Die vielen und komplexen Herausforderungen werden dabei so behandelt, dass sie für die Patient:innen kaum sichtbar sind. Im Gegenteil. Kommen die Patient:innen in die Angio-Suite finden sie sich in einer patientenfreundlichen, warmen Atmosphäre wieder. Was wiederum wesentlich zur Zufriedenheit und damit auch zum Therapieerfolg beiträgt. Doch nicht nur die Angio-Suite allein, sondern vor allem die vielen Mitarbeiter:innen geben den Patient:innen ein gutes Gefühl.
„Der Eingriff war nicht so schlimm, wie gedacht“ – ein Patient berichtet
Ein gutes Gefühl hatte im vergangenen Jahr auch Patient Andreas Becker. Eigentlich war er zur Behandlung im Zentrum für Schlaf- & Beatmungstherapie, als zufällig ein Vorhofflimmern festgestellt wurde. Vorhofflimmern ist eine chaotische elektrische Erregung des Vorhofs, die auftritt, wenn im Übergang von der Lunge zum Vorhof elektrische Störsignale entstehen. Um das Vorhofflimmern zu behandeln, stand bei Andreas Becker bereits wenige Tage nach der Diagnose ein Eingriff in der neuen Angio-Suite an. Hierbei wurde eine sogenannte Pulmonalvenenisolation vorgenommen. Die Pulmonalvenenisolation ist ein minimalinvasiver, elektrochirurgischer Eingriff mit dem Ziel, das Übergreifen der Störsignale auf den Vorhof zu verhindern. Durch die Erzeugung von Narbengewebe werden die Lungenvenen elektrisch vom linken Vorhof isoliert. Dazu wird ein sehr dünner Draht (Katheter), in Andreas Beckers Fall über die Leiste, in die Lungenvene eingeführt. Von dort wird der Katheter über den rechten Vorhof über die rechte Vorhofscheidewand in den linken Vorhof eingeführt und die Lungenvenen dann mithilfe von Wärme oder Kälte, es gibt verschiedene Verfahren, vom Vorhof getrennt. In der Regel wird das Vorhofflimmern dann unterbunden. Das Gute: Das Ganze ist für einige Patient:innen etwas unangenehm aber nahezu schmerzfrei, da das Herz innen keine Schmerzfasern hat.
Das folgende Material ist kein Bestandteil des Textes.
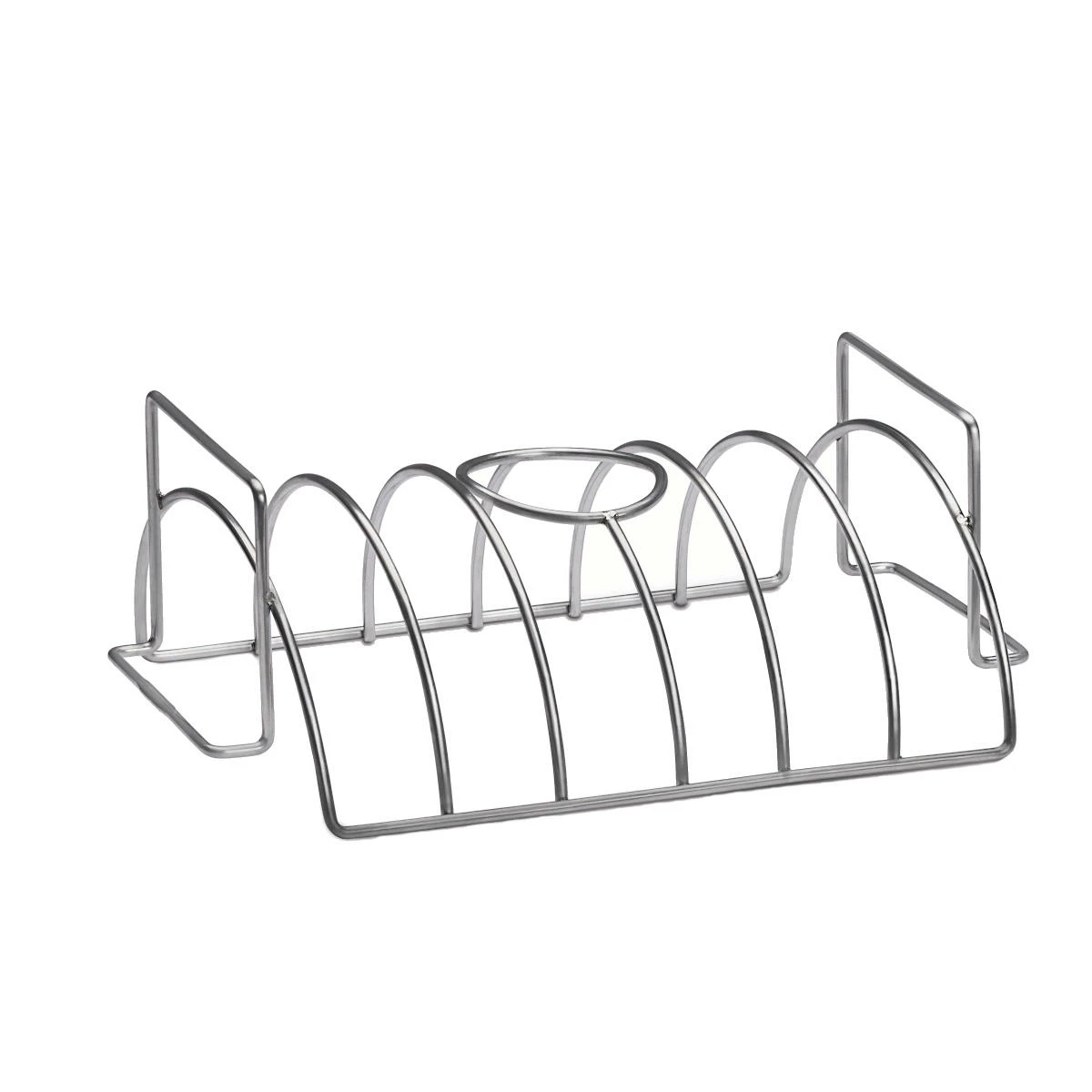 Reihum finden sechs Rib-Reihen platz. Oder doch lieber ein saftiger Braten? Der findet in der Wölbung den idealen Grillplatz! Eine runde Öffnung in der Mitte des Multifunktionalen Halters bietet Gelegenheit für ein Bierdosen-Hähnchen. Einfach eine Bierdose öffnen, in die Rundung einsetzen und ein ganzes Hähnchen darüber stülpen. So aromatisch haben Sie noch nie Hähnchen erlebt!

Andreas Becker beschreibt den Aufenthalt im neuen Labor als weniger schlimm als erwartet. Es habe eine gute Atmosphäre geherrscht. Als er aufgewacht sei, habe er gar nicht gemerkt, dass der Eingriff schon stattgefunden hatte. In regelmäßigen Abständen muss er zum EKG zur Kontrolle, ansonsten sei er sehr froh, dass die Geschichte für ihn erledigt sei.